--- SUPPLIED DATA Enclosed Below ---

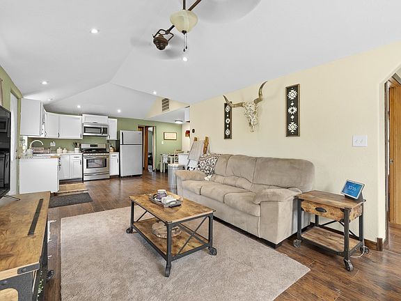 Listed by Pete Jensen, KWBH, 605-484-6713. A recently updated home at an affordable price? Yes, please! *Enjoy the ease of one level living in this updated ranch style home on over 1/3 acre lot with NO COVENANTS in Piedmont, SD! *Offering 3 bedrooms, 2 bathrooms and 1,466sqft this home is ready for new owners *This home offers an open concept layout, with a comfortable living room that flows into the kitchen and dining areas *Vaulted ceilings, great natural light and new LVT flooring throughout these spaces *Corner kitchen with painted cabinetry, stainless steel Frigidaire appliances and a window overlooking the back yard allows for easy meal prep, and the nearby cozy dining area provides convenient space for meals with family and friends *Bonus pantry wall for added storage or use as your dream coffee bar set up *Separate laundry room area with folding shelves and crawl space access *2 bedrooms and 1 guest bathroom in back of the home *Master suite on other end of the home, with a walk in closet, ensuite bathroom with tiled walk in shower, and private patio access for your morning cup of cofee *Outside has a large fenced yard- great for kids or pets *Detached 2-car garage is oversized and provides great space for parking or hobbies. Added don't miss updates: new furnace and smart thermostat in 2023, new plumbing in 2022, freshly painted interior and new flooring and trim throughout. Convenient location and a move in ready home, what more could you hope for? Call today!
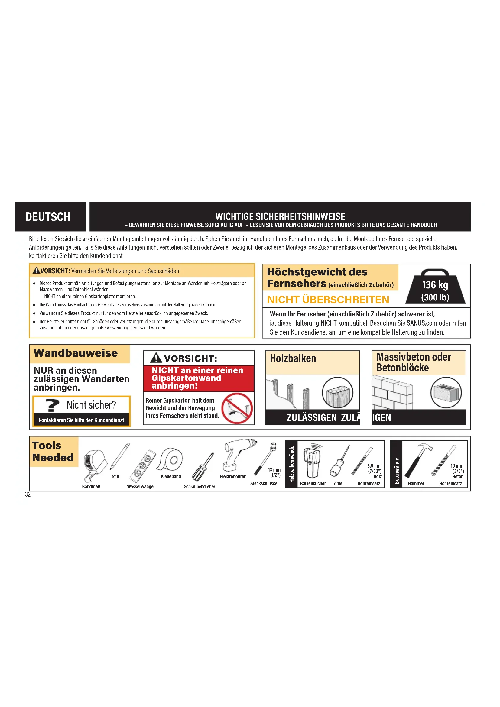 VORSICHT:NICHT an einer reinen Gipskartonwand anbringen! Wenn Ihr Fernseher (einschließlich Zubehör) schwerer ist, ist diese Halterung NICHT kompatibel. Besuchen Sie SANUS.com oder rufen Sie den Kundendienst an, um eine kompatible Halterung zu finden. Klebeband VORSICHT: Vermeiden Sie Verletzungen und Sachschäden! ● Dieses Produkt enthält Anleitungen und Befestigungsmaterialien zur Montage an Wänden mit Holzträgern oder an Massivbeton- und Betonblockwänden. — NICHT an einer reinen Gipskartonplatte montieren. ● Die Wand muss das Fünache des Gewichts des Fernsehers zusammen mit der Halterung tragen können. ● Verwenden Sie dieses Produkt nur für den vom Hersteller ausdrücklich angegebenen Zweck. ● Der Hersteller haftet nicht für Schäden oder Verletzungen, die durch unsachgemäße Montage, unsachgemäßen Zusammenbau oder unsachgemäße Verwendung verursacht wurden. Bitte lesen Sie sich diese einfachen Montageanleitungen vollständig durch. Sehen Sie auch im Handbuch Ihres Fernsehers nach, ob für die Montage Ihres Fernsehers spezielle Anforderungen gelten. Falls Sie diese Anleitungen nicht verstehen sollten oder Zweifel bezüglich der sicheren Montage, des Zusammenbaus oder der Verwendung des Produkts haben, kontaktieren Sie bitte den Kundendienst.Reiner Gipskarton hält dem Gewicht und der Bewegung Ihres Fernsehers nicht stand. 136 kg (300 lb) WICHTIGE SICHERHEITSHINWEISE – BEWAHREN SIE DIESE HINWEISE SORGFÄLTIG AUF – LESEN SIE VOR DEM GEBRAUCH DES PRODUKTS BITTE DAS GESAMTE HANDBUCH DEUTSCH 13mm (1/2") 5,5mm (7/32") Holz 10mm (3/8") Beton SchraubendreherBandmaß BohreinsatzBohreinsatz Elektrobohrer HammerSteckschlüssel Balkensucher Ahle Stift Wasserwaage Holzbalkenwände Betonwände33 Vorbereitung
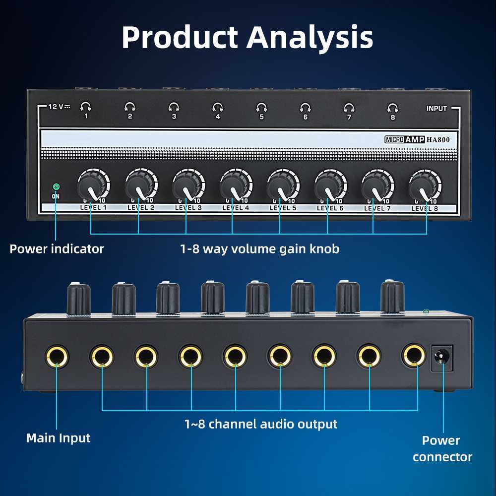 Micro mixer Amplifier Mikrofon Stereo Audio karaoke Headphone Splitter 8 Channel Volume Control
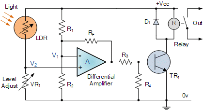 | The standard Differential Amplifier circuit now becomes a differential voltage comparator by "Comparing" one input voltage to the other. For example, by connecting one input to a fixed voltage reference set up on one leg of the resistive bridge network and the other to either a "Thermistor" or a "Light Dependant Resistor" the amplifier circuit can be used to detect either low or high levels of temperature or light as the output voltage becomes a linear function of the changes in the active leg of the resistive bridge and this is demonstrated below. | ||
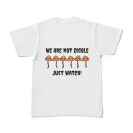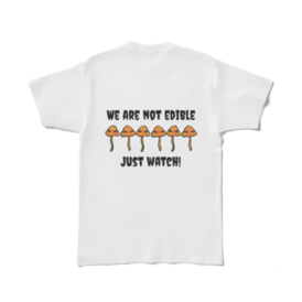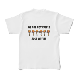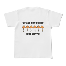 キノコ真っ盛りのこの季節、こんなお悩みありませんか? キノコを観察しているだけなのに、通りすがりの人に「そのキノコ食べられるんですか?」という質問をされること そんなあなたのために、このTシャツを作りました 「食べられません見てるだけTシャツ」 敵は背後からやってくる!大胆なバックプリントで「食べられるの?」攻撃を回避!! ※この商品はpixivFACTORYで作られた商品です。サンプル画像は完成イメージのため、実物と異なる場合があります。

--- End of Enclosed SUPPLIED DATA ---

### [ABOUT THIS EXERCISE]
Word-for-word output of the material above is needed, with the pictures left out.

### [TASK SOLUTION]
 Listed by Pete Jensen, KWBH, 605-484-6713. A recently updated home at an affordable price? Yes, please! *Enjoy the ease of one level living in this updated ranch style home on over 1/3 acre lot with NO COVENANTS in Piedmont, SD! *Offering 3 bedrooms, 2 bathrooms and 1,466sqft this home is ready for new owners *This home offers an open concept layout, with a comfortable living room that flows into the kitchen and dining areas *Vaulted ceilings, great natural light and new LVT flooring throughout these spaces *Corner kitchen with painted cabinetry, stainless steel Frigidaire appliances and a window overlooking the back yard allows for easy meal prep, and the nearby cozy dining area provides convenient space for meals with family and friends *Bonus pantry wall for added storage or use as your dream coffee bar set up *Separate laundry room area with folding shelves and crawl space access *2 bedrooms and 1 guest bathroom in back of the home *Master suite on other end of the home, with a walk in closet, ensuite bathroom with tiled walk in shower, and private patio access for your morning cup of cofee *Outside has a large fenced yard- great for kids or pets *Detached 2-car garage is oversized and provides great space for parking or hobbies. Added don't miss updates: new furnace and smart thermostat in 2023, new plumbing in 2022, freshly painted interior and new flooring and trim throughout. Convenient location and a move in ready home, what more could you hope for? Call today!
 VORSICHT:NICHT an einer reinen Gipskartonwand anbringen! Wenn Ihr Fernseher (einschließlich Zubehör) schwerer ist, ist diese Halterung NICHT kompatibel. Besuchen Sie SANUS.com oder rufen Sie den Kundendienst an, um eine kompatible Halterung zu finden. Klebeband VORSICHT: Vermeiden Sie Verletzungen und Sachschäden! ● Dieses Produkt enthält Anleitungen und Befestigungsmaterialien zur Montage an Wänden mit Holzträgern oder an Massivbeton- und Betonblockwänden. — NICHT an einer reinen Gipskartonplatte montieren. ● Die Wand muss das Fünache des Gewichts des Fernsehers zusammen mit der Halterung tragen können. ● Verwenden Sie dieses Produkt nur für den vom Hersteller ausdrücklich angegebenen Zweck. ● Der Hersteller haftet nicht für Schäden oder Verletzungen, die durch unsachgemäße Montage, unsachgemäßen Zusammenbau oder unsachgemäße Verwendung verursacht wurden. Bitte lesen Sie sich diese einfachen Montageanleitungen vollständig durch. Sehen Sie auch im Handbuch Ihres Fernsehers nach, ob für die Montage Ihres Fernsehers spezielle Anforderungen gelten. Falls Sie diese Anleitungen nicht verstehen sollten oder Zweifel bezüglich der sicheren Montage, des Zusammenbaus oder der Verwendung des Produkts haben, kontaktieren Sie bitte den Kundendienst.Reiner Gipskarton hält dem Gewicht und der Bewegung Ihres Fernsehers nicht stand. 136 kg (300 lb) WICHTIGE SICHERHEITSHINWEISE – BEWAHREN SIE DIESE HINWEISE SORGFÄLTIG AUF – LESEN SIE VOR DEM GEBRAUCH DES PRODUKTS BITTE DAS GESAMTE HANDBUCH DEUTSCH 13mm (1/2") 5,5mm (7/32") Holz 10mm (3/8") Beton SchraubendreherBandmaß BohreinsatzBohreinsatz Elektrobohrer HammerSteckschlüssel Balkensucher Ahle Stift Wasserwaage Holzbalkenwände Betonwände33 Vorbereitung
 Micro mixer Amplifier Mikrofon Stereo Audio karaoke Headphone Splitter 8 Channel Volume Control
 | The standard Differential Amplifier circuit now becomes a differential voltage comparator by "Comparing" one input voltage to the other. For example, by connecting one input to a fixed voltage reference set up on one leg of the resistive bridge network and the other to either a "Thermistor" or a "Light Dependant Resistor" the amplifier circuit can be used to detect either low or high levels of temperature or light as the output voltage becomes a linear function of the changes in the active leg of the resistive bridge and this is demonstrated below. | ||
 キノコ真っ盛りのこの季節、こんなお悩みありませんか? キノコを観察しているだけなのに、通りすがりの人に「そのキノコ食べられるんですか?」という質問をされること そんなあなたのために、このTシャツを作りました 「食べられません見てるだけTシャツ」 敵は背後からやってくる!大胆なバックプリントで「食べられるの?」攻撃を回避!! ※この商品はpixivFACTORYで作られた商品です。サンプル画像は完成イメージのため、実物と異なる場合があります。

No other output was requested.